Motivating children to study hard without relying on rewards and punishments

Written by: Founder and Volunteer Secretary-General of GLP, Lam Ho Pei Yee

 

Everyone already possesses an intrinsic motivation, and people have long had the desire to do things well. This is precisely why when we give children external rewards and punishments, trying to interfere with their behavior, their performance becomes worse, such as killing creativity, reducing judgment, and other negative effects, which are the bad consequences that rewards can bring. Whether it is material or psychological rewards, although they can temporarily stimulate children’s enthusiasm, they cannot help children develop long-term behavioral habits, nor can they make their performance better.

 

How can parents motivate children to study hard without solely relying on rewards and punishments? It turns out that by simply understanding and satisfying three basic psychological needs of humans, children can automatically and consciously enjoy and engage in learning. These three basic psychological needs include autonomy, competence, and relatedness. Every child also has a basic need to develop their abilities, to see their abilities improve, and not to let incomprehensible social standards change their children. It is dangerous to teach children things that do not fit their stage of growth. We need to create challenging yet appropriate learning experiences for children’s abilities, allowing them to feel a real sense of success, boosting their confidence in their abilities, and giving them more motivation to learn.

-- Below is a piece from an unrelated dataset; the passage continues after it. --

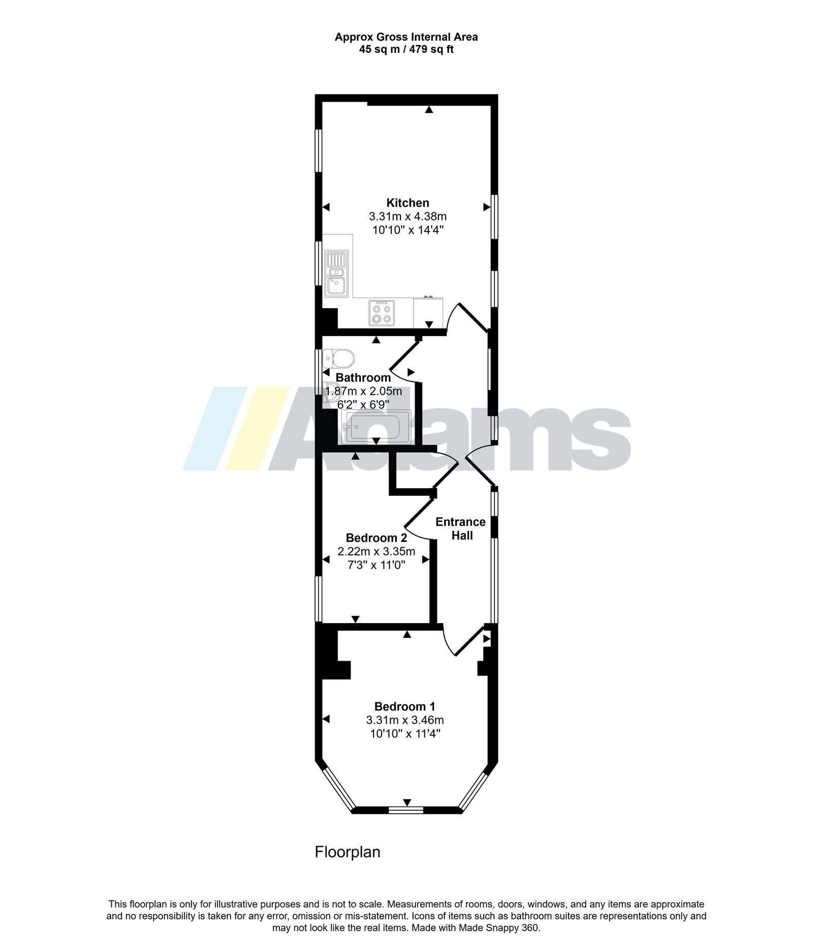 There are two well-proportioned bedrooms, including a spacious principal bedroom with attractive bay frontage, and a versatile second bedroom ideal as a guest room, nursery or home office. The accommodation is completed by a stylish, modern bathroom fitted with a contemporary suite.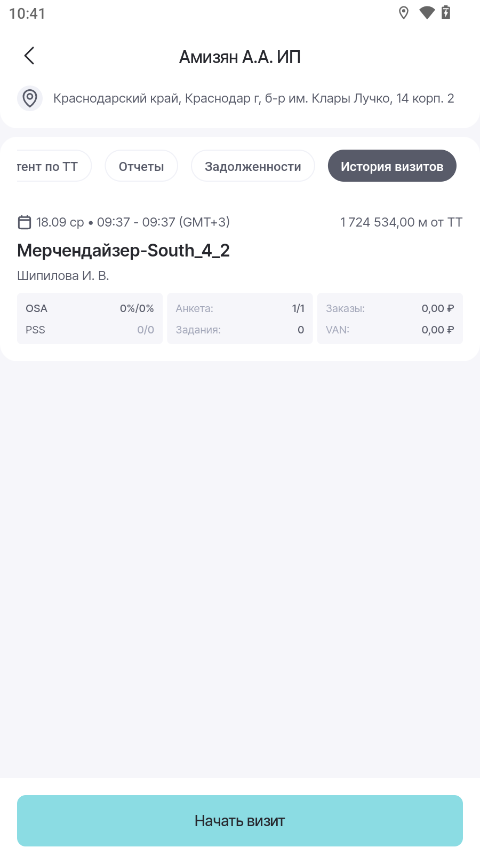Откройте нужную ТТ и нажмите кнопку «Начать визит».

Parents should not limit their children’s infinite possibilities with their own limited wisdom. If parents understand how to cultivate their children’s intrinsic motivation for learning, making them recognize the importance of learning and adopting it as a life goal, children will automatically and consciously engage in learning. Therefore, by making themselves and their children more responsible, more perceptive, and better at interacting with others, parents are helping their children grow while gaining creativity and a sense of success themselves.

 

If these theories can be applied to children, can they also be applied to parents, thereby bringing a positive impact to the family? The answer is yes. As we ask our children to study hard, parents should also strive to change their own thinking. As Stone, the guitarist of the Taiwanese rock band Mayday, said: “What schools can teach is knowledge, is skills; what society can teach is interaction, is cooperation; and what children learn at home is yourselves, is your own way of governing as individuals, how you solve problems when you face difficulties and setbacks.”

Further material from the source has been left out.